Credit: © 2009 ACS

There is a broad range of compounds that consist of fullerene cages enclosing various metal atoms — known as endohedral metallofullerenes. They range from C60 cages with one or two small atoms inside, to large C80 to C84 cages containing several metal atoms, such as Sc4O2@C84. A cage with the formula Sc4@C82 has recently been predicted1 to in fact be a C80 cage, with the extra two carbon atoms to be found inside.

Now, Tai-Shan Wang and colleagues from Beijing and Xiamen have confirmed2 their predictions by synthesising Sc4C2@C80. They further discovered that the structure is 'doubly caged', with a C2 dimer inside a Sc4 tetrahedron that is itself within the C80 icosahedron. This 'Russian doll' compound was made by the Krächmer–Huffman method, Soxhlet-extracted in toluene and then purified by HPLC.

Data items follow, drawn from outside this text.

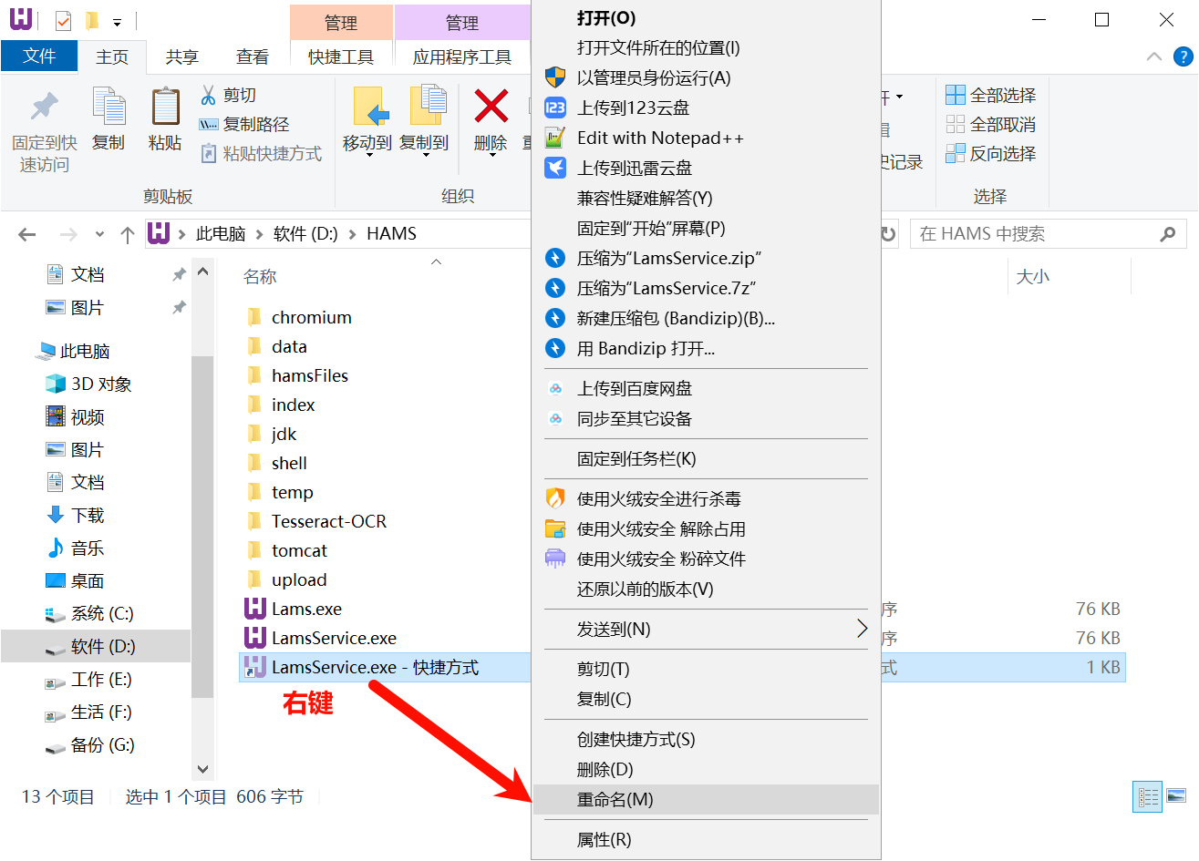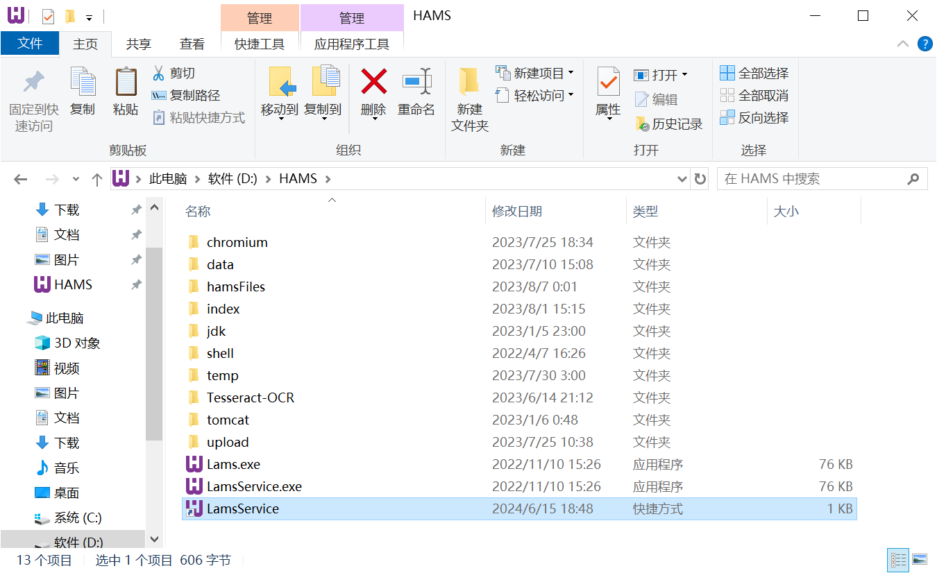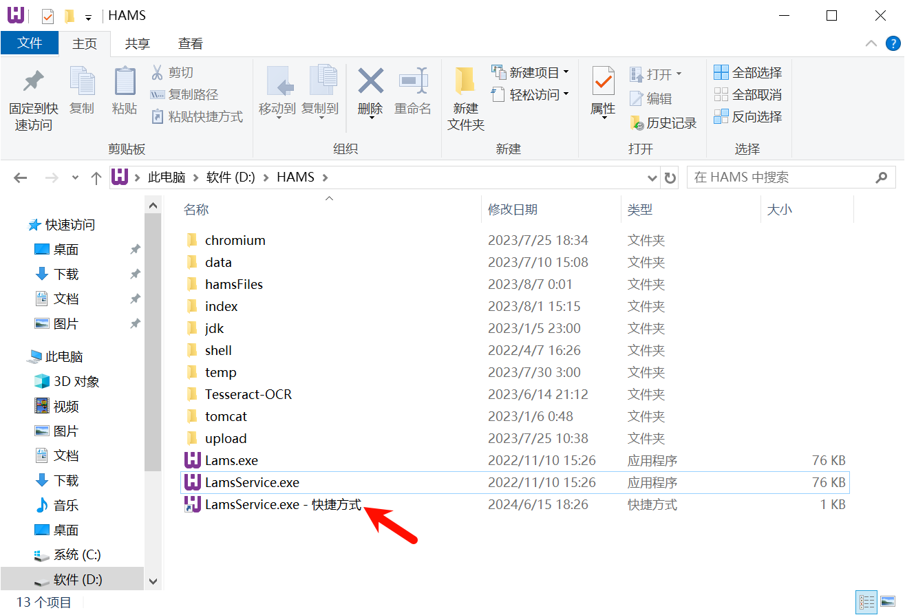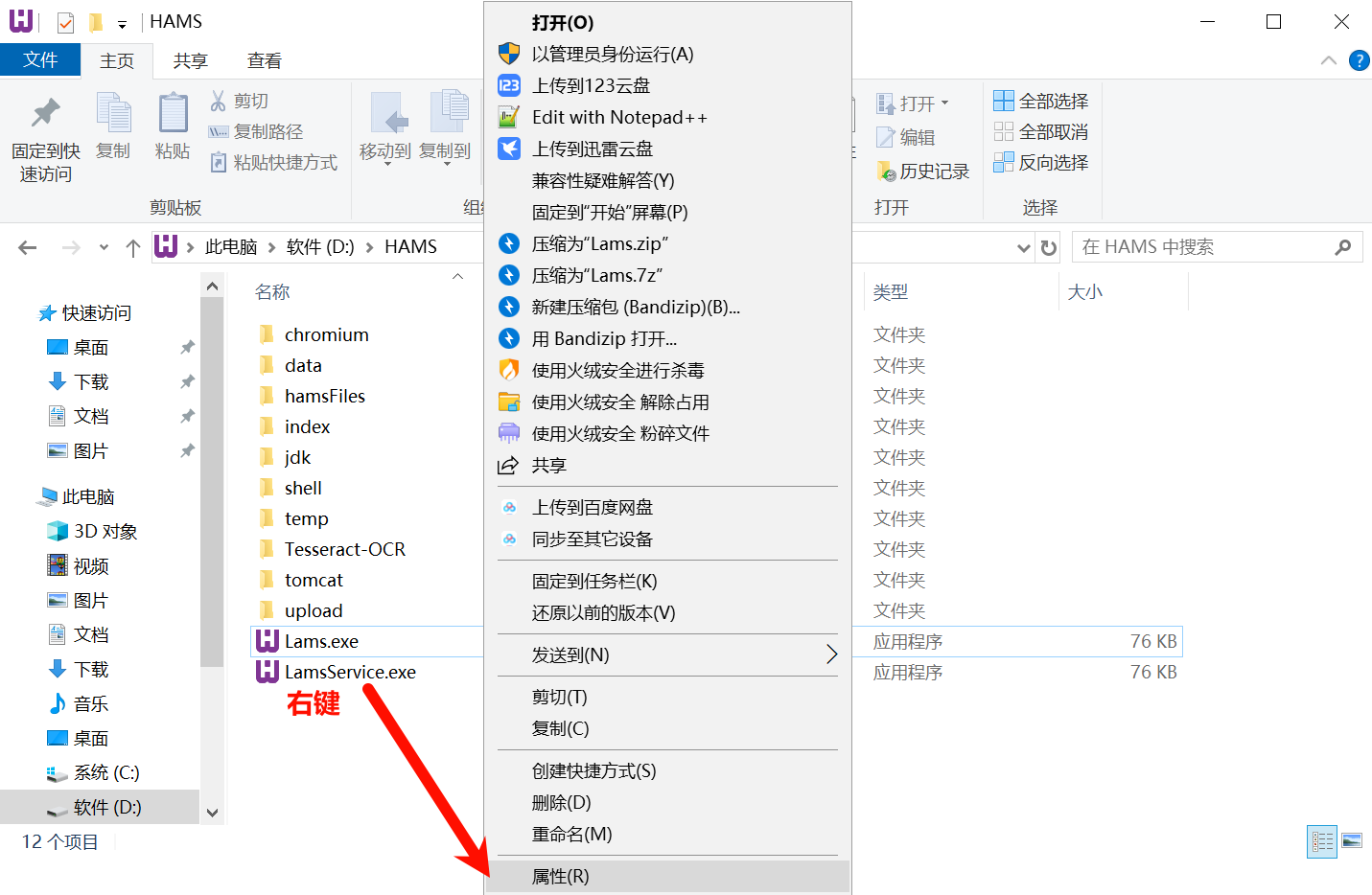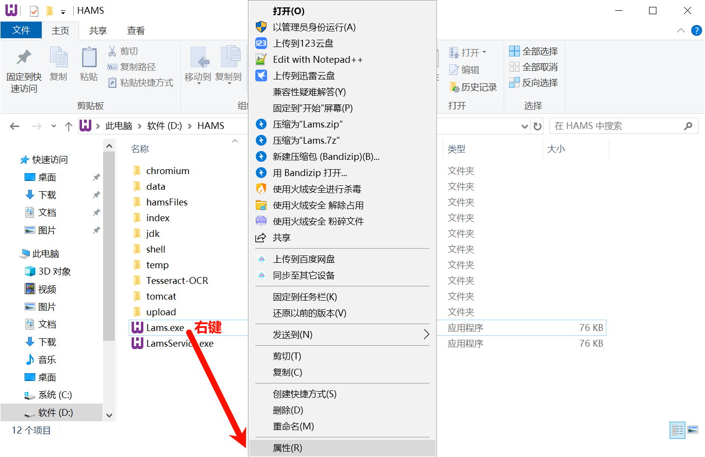 **原因分析:** 电脑杀毒软件或其他安全防护软件拦截了HAMS后台服务自动启动进程。 **解决方法:** 1.打开HAMS安装目录(==D:/HAMS==),分别找到“==Lams.exe==”和“==LamsService.exe==”,右键,打开“==兼容性==”,勾选“==以管理员身份运行此程序==”,依次点击“应用”-“确定”。如下图所示:     2.右键“==LamsService.exe==”,创建快捷方式,并重命名。如下图所示:     3.按下“==WIN+R==”快捷键,输入“==shell\:startup==”,回车,将“==LamsService==”快捷方式剪切并粘贴进去。如下图所示:     4.重启电脑,等待1-5分钟(启动时间视电脑配置而定,建议内存不小于4G),打开桌面“==HAMS数字档案管理平台==”快捷方式,测试是否正常进入系统。   > 如上述问题仍无法解决,请与技术人员联系(服务热线:[15002785136](tel:15002785136 "15002785136"))。
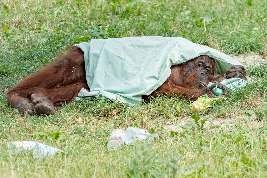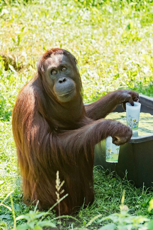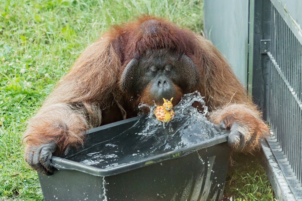 Schönbrunner Orang-Utans beim Pritscheln
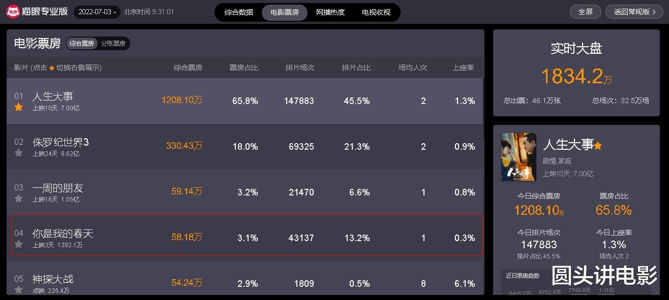 然而,从猫眼专业版实时数据显示来看,该片目前以上映3天时间,累计总票房刚过1千万。而且无论是在影片排片场次还是场均观影人次上,都只能够排在《人生大事》和《侏罗纪世界3》《一周的朋友》后面,这样的票房成绩其实是让人意外的。
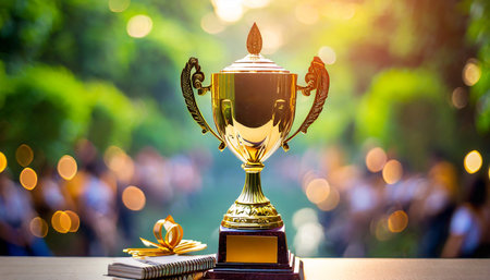 A golden trophy cup with confetti on table and glowing bokeh lights background, symbolizing achievement and celebration
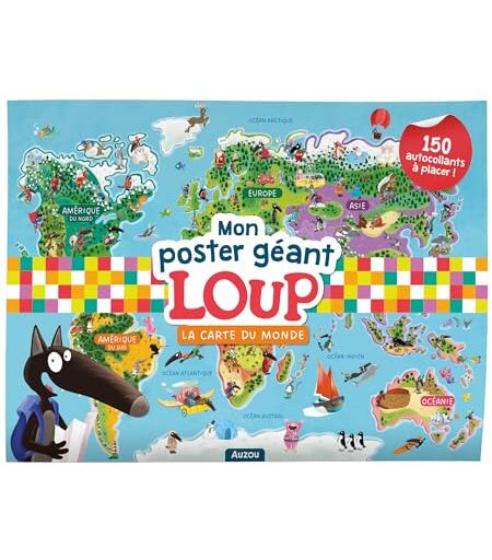 Orianne Lallemand Mon Poster Géant Loup : La Carte Du Monde : 150 Autocollants À Placer !
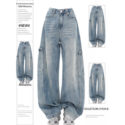 300斤胖mm大码浅色高腰显瘦弯刀牛仔裤女美式设计感工装阔腿裤子
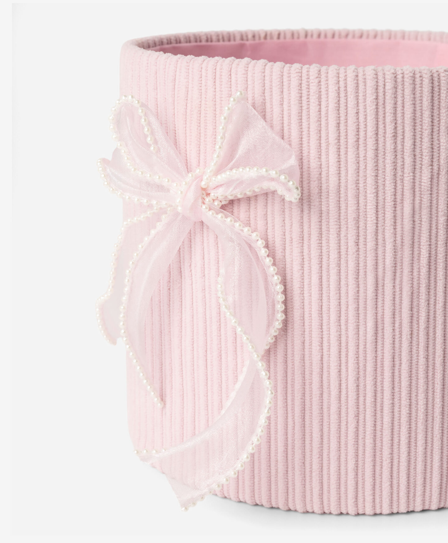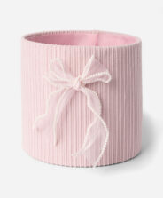 Cutia rotundă cu fundă este ideală pentru depozitarea obiectelor mici sau ca element decorativ.

Carbon-13 nuclear magnetic resonance spectroscopy confirmed that the fullerene was C80, with only two carbon environments; no C82 cage could provide such a spectrum. The metal carbide endofullerene is very stable, with cyclic voltammetry experiments and density functional theory (DFT) calculations suggesting a bandgap of around 1.6 eV. Three bands in the infrared spectrum confirmed the presence of three types of scandium–carbon bonds, confirming the 'Russian doll' structure predicted by DFT.